Когда моя прабабка умерла, у нее остался один халат, одна юбка и два платка. И три рубля денег. Но хоронила ее вся Вороньжа гроб несли на руках, сменяя друг друга, а до кладбища семь километров. Я это они. В той земле, на которой я живу их кровь. Это очень бедная, очень плохая земля, но другой мне не надо. Не думаю, что вам было интересно это читать, Виталий. Так же неинтересно будет и другим и еще читать про то, как я бегаю по вызовам, ухаживаю за старой мамкой, варю своему Петровичу гречневую кашу и копаюсь в огороде. Поэтому оставьте предисловие или уж не пишите вообще ничего.

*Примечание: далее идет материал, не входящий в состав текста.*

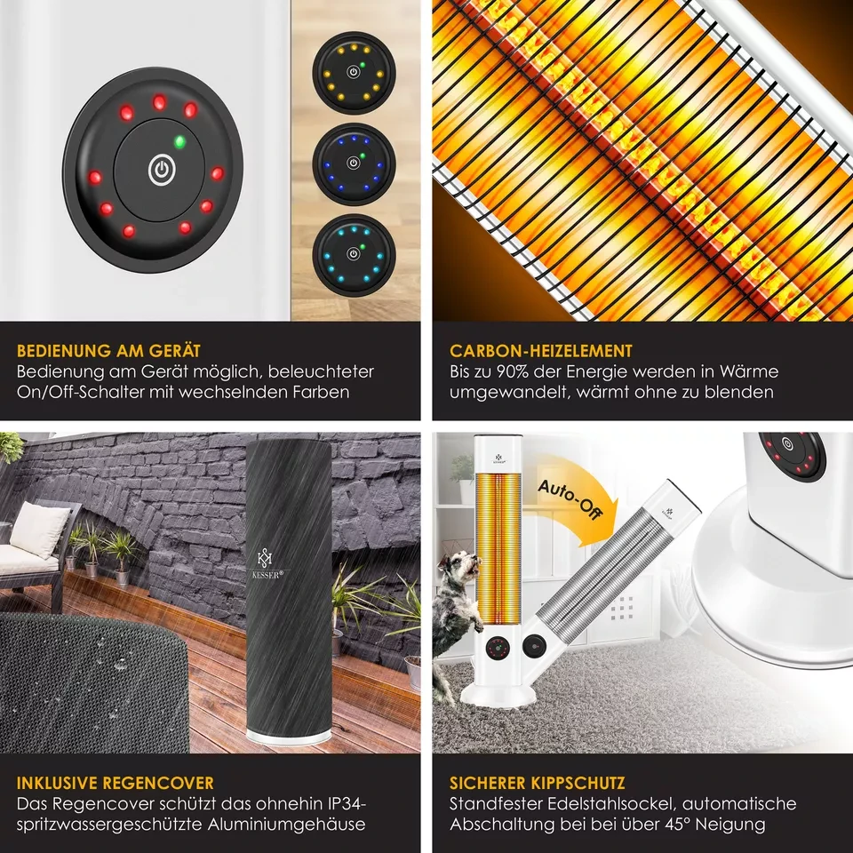 Інфрачервоний обігрівач KESSER – це сучасне рішення для затишку в будь-яку пору року. Усього за 2 секунди він починає випромінювати приємне тепло, яке миттєво поширюється на навколишні тіла, меблі та предмети.
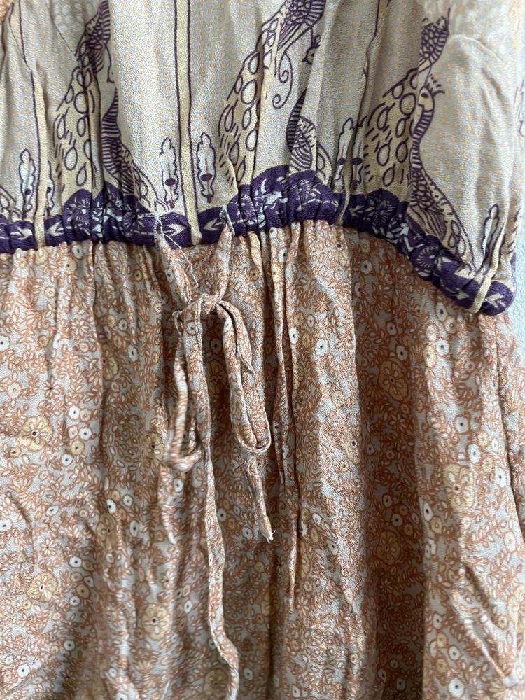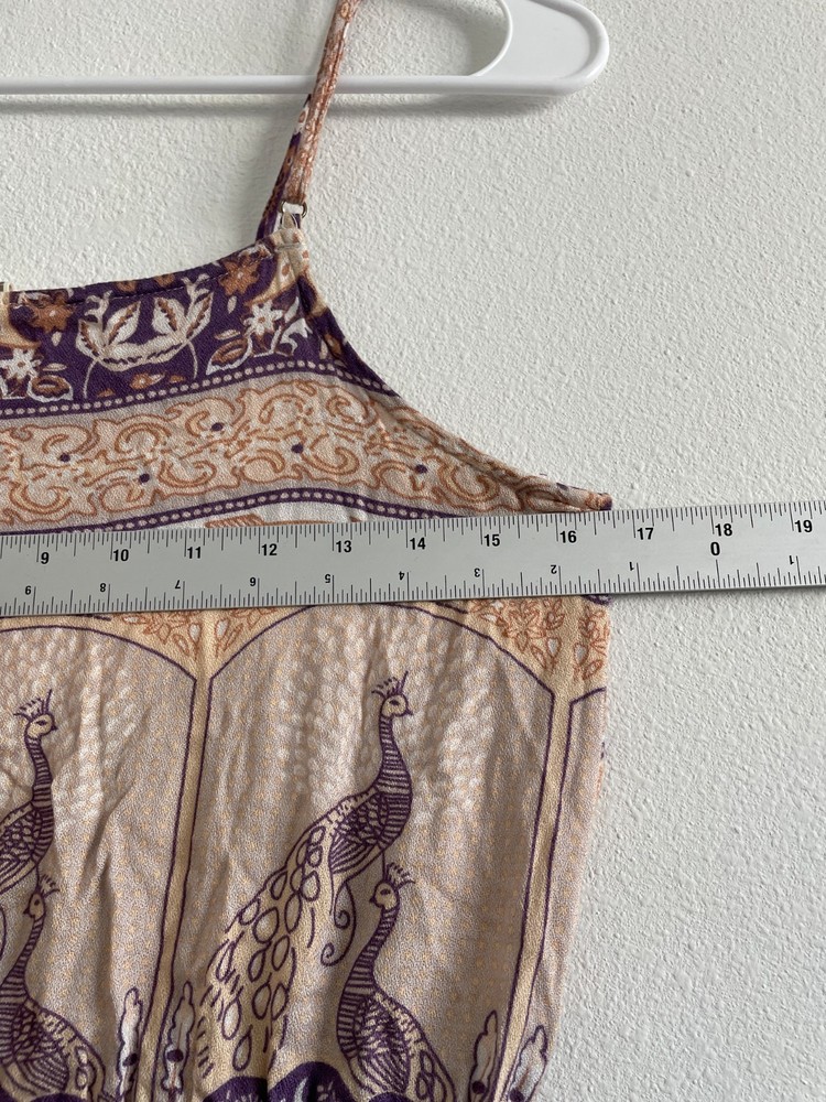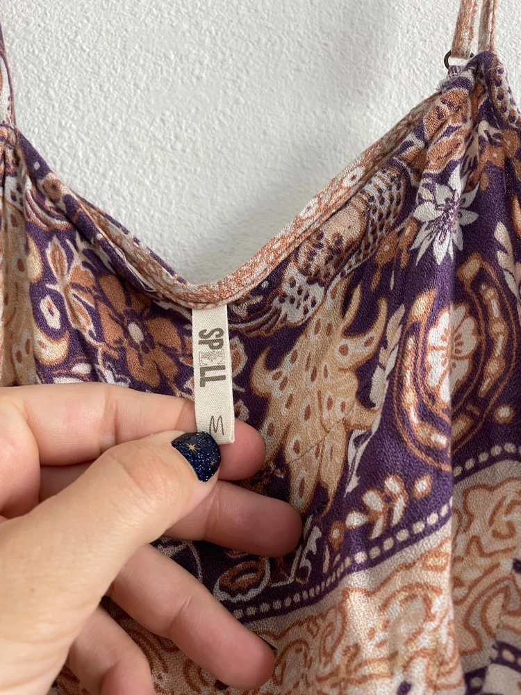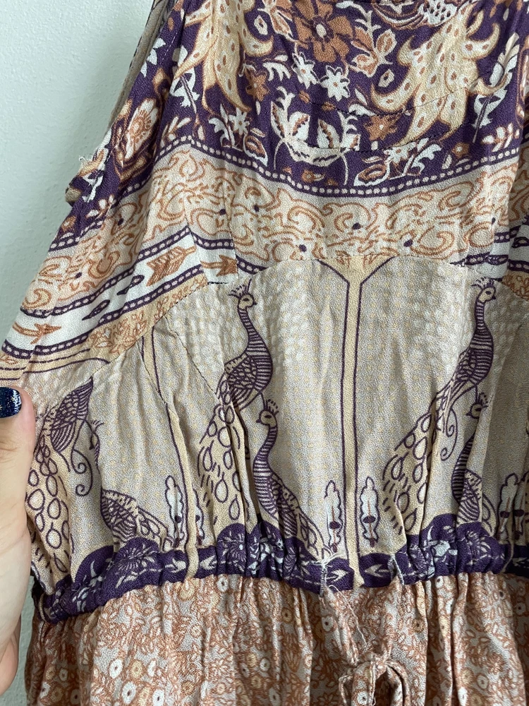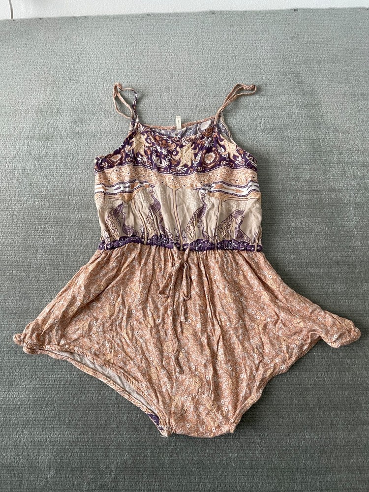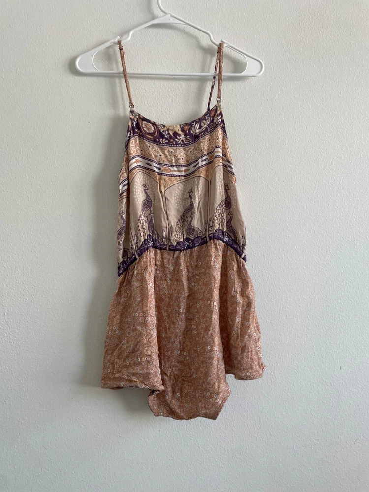 Spell & Gypsy Romper Women M Beige Purple Floral Paisley Play Drawstring Boho Overall good used condition. No Flaws.
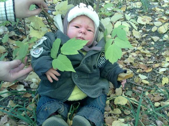 И фотки отличные, особенно понравилась та, где дитёныш желтый листик держит в своей маленькой ручке.
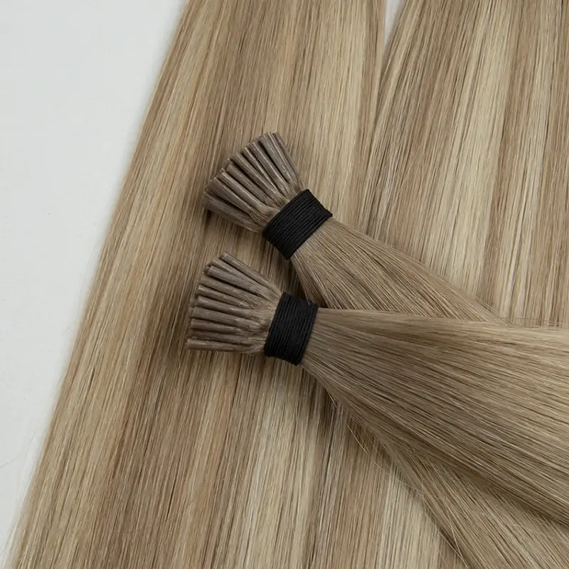 Versatilidad de peinado: las extensiones I-Tip ofrecen una notable flexibilidad en el peinado. Los usuarios pueden rizarlos, alisarlos e incluso teñirlos para combinar o realzar su cabello natural, lo que facilita cambiar de apariencia sin restricciones.
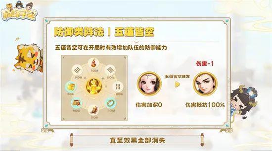 在防御类阵法中较常用的是五蕴皆空,五蕴皆空的阵法是由乾、坤、震、离、艮五个阵位组成。五蕴皆空可在开局时有效增加队伍的防御能力,当阵法等级达到100级时,进入战斗后可叠加100%的伤害抵抗,每受到一次伤害,伤害抵抗效果降低10%,直至效果全部消失
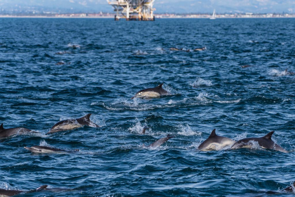 The platforms have been in place long enough to establish themselves as sorts of artificial reefs, as much a part of the ocean environment as its natural topography. Plankton, barnacles, rockfish, mussels, mackerel, and even mammals have made the massive metal frameworks their homes.
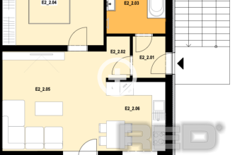 Dvojizbový apartmán E2 na 2. nadzemnom podlaží, disponuje výmerou 52,49 m2, s balkónom o výmere 3,76 m2 a pivnicou na prízemí domu s výmerou 2,31 m2. Dispozične pozostáva zo vstupnej chodby, dennej časti, kuchyne, jedálne a obývačky s východom na balkón, priestrannej kúpeľne s oknom a veľkej spálne . Veľmi príjemný byt sa odovzdáva v stave holobyt / kúpeľne, sanita, podlahy a dvere /. Projekt ponúka súkromný oplotený areál so záhradou a parkovaním, kde je možnosť výberu z otvorených alebo prestrešených parkovacích miest s doplatkom / 11 000 - 15 000,- € / Projekt je situovaný v pokojnej a tichej lokalite na predmestí mesta Žilina. V okolí sa nachádza aj kompletná občianska vybavenosť (škola, škôlka, potraviny, pošta, zastávka MHD...). Predpokladaný termín dokončenia projektu: 12/2025.
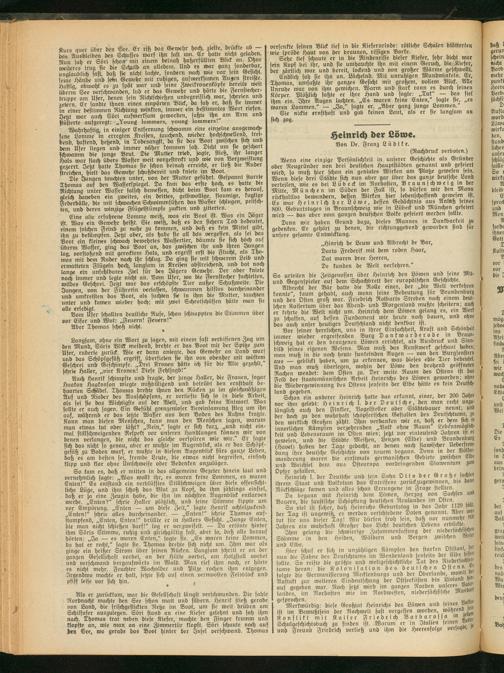 So viel ist sicher, daß Heinrichs Geburtstag in bas Jahr 1129 faui, ber Tag ist ungewiß, es werden verschiedene Daten genannt. Aber wes tut für uns dieser Tag! Wir dürfen froh sein, daß vor nunmehr »w Jahren ein wahrhaft Großer bas Licht beutschen Lebens erblickte.
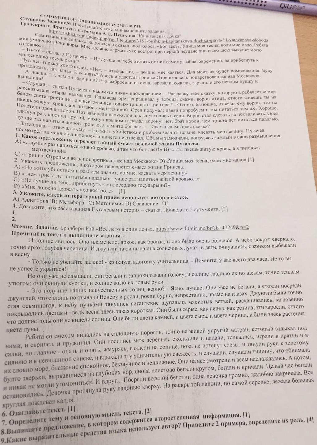 Фрагмент из рамана А.С Пушкина Капитанская дочы 2 Четверть
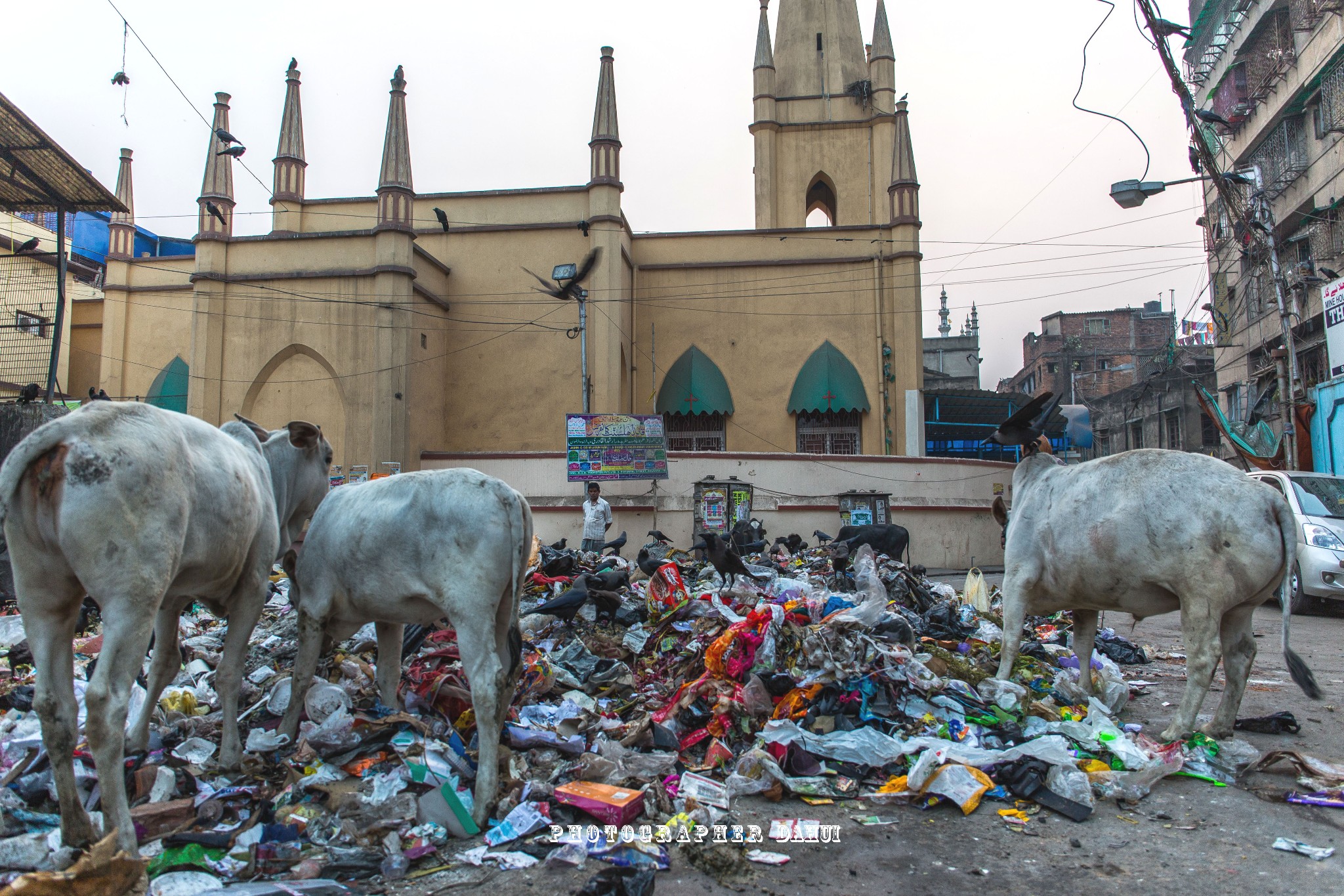 一个主路口堆满了垃圾,神牛,乌鸦,野狗,正在吃早点。
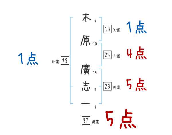 地運![]() | 木原廣志一さんの地運は23画の5つ星!想像力に優れ活力がある。一代で成功し名誉を手に入れる。 個性を表す基礎的な運勢です。性格形成や対人関係、行動力など家庭環境に影響されます。主に誕生してから20歳くらいまでの若年期の運勢を表します。 |
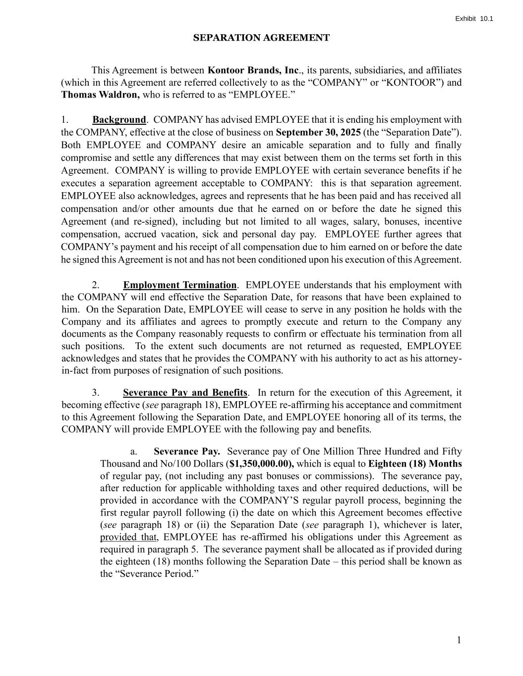 1 SEPARATION AGREEMENT This Agreement is between Kontoor Brands, Inc., its parents, subsidiaries, and affiliates (which in this Agreement are referred collectively to as the “COMPANY” or “KONTOOR”) and Thomas Waldron, who is referred to as “EMPLOYEE.” 1. Background. COMPANY has advised EMPLOYEE that it is ending his employment with the COMPANY, effective at the close of business on September 30, 2025 (the “Separation Date”). Both EMPLOYEE and COMPANY desire an amicable separation and to fully and finally compromise and settle any differences that may exist between them on the terms set forth in this Agreement. COMPANY is willing to provide EMPLOYEE with certain severance benefits if he executes a separation agreement acceptable to COMPANY: this is that separation agreement. EMPLOYEE also acknowledges, agrees and represents that he has been paid and has received all compensation and/or other amounts due that he earned on or before the date he signed this Agreement (and re-signed), including but not limited to all wages, salary, bonuses, incentive compensation, accrued vacation, sick and personal day pay. EMPLOYEE further agrees that COMPANY’s payment and his receipt of all compensation due to him earned on or before the date he signed this Agreement is not and has not been conditioned upon his execution of this Agreement. 2. Employment Termination. EMPLOYEE understands that his employment with the COMPANY will end effective the Separation Date, for reasons that have been explained to him. On the Separation Date, EMPLOYEE will cease to serve in any position he holds with the Company and its affiliates and agrees to promptly execute and return to the Company any documents as the Company reasonably requests to confirm or effectuate his termination from all such positions. To the extent such documents are not returned as requested, EMPLOYEE acknowledges and states that he provides the COMPANY with his authority to act as his attorney- in-fact from purposes of resignation of such positions. 3. Severance Pay and Benefits. In return for the execution of this Agreement, it becoming effective (see paragraph 18), EMPLOYEE re-affirming his acceptance and commitment to this Agreement following the Separation Date, and EMPLOYEE honoring all of its terms, the COMPANY will provide EMPLOYEE with the following pay and benefits. a. Severance Pay. Severance pay of One Million Three Hundred and Fifty Thousand and No/100 Dollars ($1,350,000.00), which is equal to Eighteen (18) Months of regular pay, (not including any past bonuses or commissions). The severance pay, after reduction for applicable withholding taxes and other required deductions, will be provided in accordance with the COMPANY’S regular payroll process, beginning the first regular payroll following (i) the date on which this Agreement becomes effective (see paragraph 18) or (ii) the Separation Date (see paragraph 1), whichever is later, provided that, EMPLOYEE has re-affirmed his obligations under this Agreement as required in paragraph 5. The severance payment shall be allocated as if provided during the eighteen (18) months following the Separation Date – this period shall be known as the “Severance Period.”
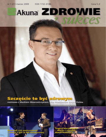 nr 1 (21) marzec 2009 ISSN 1732–0186 Cena 5 zł Szczęście to być zdrowym rozmowa z Markiem Wawrzeńczykiem, Vice Presidentem Akuna Polska Nadszedł czas podsumowań – relacja z gali w Sali Kongresowej Totalna Marylomania – relacja z występu Maryli Rodowicz W numerze 3 4 Słowo wstępne Zatrucie toksynami i oczyszczenie ustroju 8 Moc oczyszczania organizmu 10 12 14 16 18 20 22 24 26 30 32 38 40 42 44 46 50 52 53 54 56 58 mówi lek. med. Wojciech Urbaczka raport na temat zdolności organizmu do samoleczenia w ujęciu historycznym Życie usłane różami reportaż o rodzinie Bziuk 4 Zatrucie toksynami i oczyszczenie ustroju – mówi lek. med. Wojciech Urbaczka 24 Człowiek pełen życia – rozmowa z dr. n. med. Witoldem Furgałem 32 Przygotujmy się na boom – wykład Edwarda Ludbrooka Cywilizacja przemysłowa raport na temat toksyn we współczesnym świecie Medycyna ekologiczna raport na temat silnie rozwijającej się dyscypliny medycznej Niebezpieczne promienie słoneczne rozmowa z lek. med. Iwoną Jakubczak, dermatologiem Suplementy diety – co warto o nich wiedzieć raport o sposobach dożywiania organizmu Wiosną świat jest piękniejszy reportaż o rodzinie Dryllów Czysty umysł Magdalena Wdowiak pisze o sposobach oczyszczania umysłu Człowiek pełen życia rozmowa z dr. n. med. Witoldem Furgałem Szczęście to być zdrowym rozmowa z Markiem Wawrzeńczykiem, Vice Presidentem Akuna Polska Nadszedł czas podsumowań relacja z gali w Sali Kongresowej Przygotujmy się na boom wykład Edwarda Ludbrooka, stratega network marketingu Żyjemy raz, ale to wystarczy wykład Andrzeja Bizonia, Executive Director Akuna International Żeby korzystać, trzeba zapracować mówi Marcin Maciąg, Country Manager Akuna Polska Oni osiągnęli sukces tegoroczni nominowani Nowi w klubie wypowiedź Wiceprezesa Akuna Polska Bogusława Dudzika Nie trzeba znać wszystkich kroków wykład Jana Brykczyńskiego, Vice Presidenta Akuna Polska Od jutra zacznijcie działać wykład Tomasza Kwolka, Prezesa Akuna Polska Totalna Marylomania relacja z występu Maryli Rodowicz O sukcesie przy jazzie bankiet w Hotelu Polonia Palace Wiosenne porządki w organizmie porady zielarki Grażyny Utratnej Odchudzanie – nowa równowaga w organizmie porady dietetyczki Ewy Ceborskiej Biuro aktualności i informacje, nominacje Szanowni Państwo 44 Nowi w klubie – wypowiedź Wiceprezesa Bogusława Dudzika Kolejny sukces Barbary Prymakowskiej Nie dość, że uprawia narciarstwo zjazdowe, biegi maratońskie, jeździ na rolkach – jest też pasjonatką narciarstwa biegowego. Wiele razy brała udział w największym w kraju Biegu Piastów. W styczniu tego roku tarnowski „Sokół” postanowił urządzić wyprawę do Włoch, gdzie w dolinie Val di Fiemme odbył się rozgrywany w ramach Worldloppet (Światowa Liga Biegów Masowych) maraton narciarski Marcialonga. Przy finansowej pomocy Akuny kolejne sportowe marzenie Barbary Prymakowskiej spełniło się, wzięła w tych zmaganiach udział. Bieg odbył się na dystansie 45 km, start z Moeny, meta w Predazzo. Pierwsze 23 km – trudne warunki, ekstremalne podbiegi. Barbara Prymakowska nazwała ten kawałek trasy „swoim Mount Everestem”. W swojej kategorii wiekowej (jako jedyna Polka w tej kategorii) uzyskała bardzo wysoki wynik – dziewiąte miejsce. Barbara Prymakowska biegła z logo Akuny. Alveo pije regularnie, od czterech lat. Jedną miarkę dziennie. A tydzień przed zawodami sportowymi, głównie przed maratonami, wypija po dwie miarki. Tak było i podczas biegu we Włoszech. Mówi, że dzięki tym ziołom tętno szybciej wraca do normy. Pierwsze miesiące roku to dla nas zawsze wspaniały czas! Obchodzimy przecież nasze wielkie święto Your Akuna Day. A spotkanie to jest dla nas nie tylko okazją do podsumowań, ale też wejściem w nowy czas, wraz z wiosną. Tradycyjnie już nasz wielki zjazd odbył się w warszawskiej Sali Kongresowej, a było nas tak dużo, że obawiam się, czy następnym razem Sala Kongresowa tę naszą wielką akunową rodzinę pomieści. Ten wspaniały dzień przyjechali świętować z nami dr Jaromir Bertlik i dr Sohrab Khoshbin. Przywitano ich szczególnie serdecznie, bo też ich działania pomogły stanąć na nogi wielu ludziom, którzy mieli poważne kłopoty ze zdrowiem. Odwiedzili nas też Michael Forst i Rene Lelek – współzałożyciele firmy Akuna. Wysłuchaliśmy interesującego wykładu Edwarda Ludbrooka, specjalisty w zakresie MLM, autora książki „100% sukcesu”. Podzielił się z nami wiedzą na temat marketingu sieciowego. Według jego opinii tak naprawdę dopiero teraz zaczyna się dla Akuny dobry czas. A kryzys, który budzi przerażenie? Kryzys może tylko pomóc naszej branży. Był to też czas nominacji. Nagrody odebrały osoby nominowane na pozycje: Dyrektora Sieci Regionalnej, Krajowej i Międzynarodowej oraz Vice Presidenta. Zostali przedstawieni też członkowie Akuna VIP Club. To klub składający się z menedżerów mających największe doświadczenie, tych, którzy wspólnie z kierownictwem pracują nad rozwojem firmy. A firma nasza opracowała właśnie system motywacyjny, wspierający rozwój menedżerów na każdym ze stopni ich działalności. Przedstawił go Country Manager Marcin Maciąg. Owacjami na stojąco dziękowaliśmy za poruszający wykład Janowi Brykczyńskiemu. Impreza była ciepła i serdeczna, i pewnie długo będziemy ją wspominać. To też zasługa znakomitych prowadzących: Krzysztofa Ibisza i Piotra Bałtroczyka. Ale również pełnej temperamentu Maryli Rodowicz, z którą śpiewaliśmy jej stare, ale – jak się okazuje – wciąż młode przeboje. W numerze, który właśnie trafia do Państwa rąk rozpoczynamy cykl pod hasłem „Akuna Active Life”. To spotkania, które promują zdrowy styl życia. Zaprezentujemy serię artykułów połączonych z wykładami lekarzy i specjalistów. Na ostatniej stronie każdego numeru będzie reklama i zapowiedź tych wydarzeń. Sk
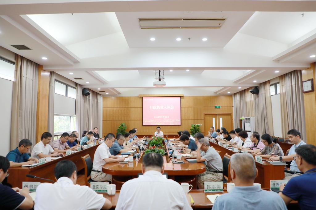 學校各行政職能部門、各學院(部)、教輔機構(gòu)、附屬單位等單位行政負責人參加會議。相關(guān)部門負責人匯報了近期重點工作推進情況和下一步工作安排。

С уважением к вашему делу и вам
С учётом междустрочий это роман страниц на 400. В междустрочьях стихи Веры Кузьминой. Горькие, но и прекрасные, как сама жизнь.
Доверие
Помню старый двор, соседа Дюбеля
После третьей ходки на крыльце.
«На печеньку. Чо надула губы-то?»
Песни пел, срываясь на фальцет,
Снова заговаривал: «Дерябни-ка.
Чо, не хочешь? Ладно, бля, сиди».
Допивал, хрустел зелёным яблоком,
С хрипом рвал тельняшку на груди.
«Верка, никому не верь, запомни-ка.
Друг подставил, сука, скоморох,
Сделал из шахтёра уголовника,
Скажет пусть спасибо, что подох.»
Снова пил и плакал: «Друг, пойми же ты.
Я ж ему всегда, во всем урод!»
Дюбель помер. Я зачем-то выжила.
Может, чтобы верить, хрен поймет.
Жизнь не сто пятнадцатая серия,
Не щенячий визг «люблю-умру».
Нитка жизни из клубка доверия
Тянется, мотаясь на ветру.
Прав ты, Дюбель, был, когда советовал:
Мол, не верь, поверишь, сбросят вниз
Только те, кто нам не фиолетовы,
Режут-укорачивают жизнь.
Стать родными говорят, сокровище
В зачерствевшей ломаной судьбе.
Только беззащитной ты становишься,
Семечком, пушинкой на губе.
Обожглась. Обиды-то немерено
Но молчу, стирая соль со щёк:
Жизнь короче на одно доверие,
Только врёшь, не кончена ещё.
За грибами
За грибами
Нынче всё остыло разом,
Иней на траве.
Мой хороший, кареглазый,
Спи в своей Москве.
Я сегодня за грибами:
Два ведра, мешок.
Месяц роет по-кабаньи,
Может, груздь нашёл.
Звёзды меньше, небо шире,
Месяц хочет есть.
У тебя в Москве четыре,
На Урале шесть.
В одеяло бы закутать:
Сон, тепло, уют.
Между нами не минута,
Больше ста минут.
Лесовик хихикнул в спину:
Вот и грузди, стой
Пробивать мне жисть-суглинок
Глупой головой.
Думать: вдруг не срежут ножку,
На ветру дрожать
И любимому в лукошко
Прыгать без ножа.
Медвежонок точит коготь,
Весь восток в огне.
Как грибов-то нынче много,
Говорят, к войне.
Ты не думай о плохом-то,
Спи, хороший мой.
Зажую черняшки ломтик,
Всё, пора домой.
Лесовик смеется тяжко,
Пробежала мышь
Я не срезана пока что.
Ты меня хранишь.
Не оставь
В этом теле минимум три души, и у каждой больше семи путей. Первой прямо в руки плывут ерши: хороша уха для её детей. Ей с работы мужа-губана ждать, греть ведёрный чайник с вареньем пей, и горбатых ландышей-жеребят запрягать в тележку неспешных дней. На святую Пасху рядиться в шёлк, красоваться в ушках блестит рыжьё. Если вдруг заявится серый волк за белёной печкой лежит ружьё.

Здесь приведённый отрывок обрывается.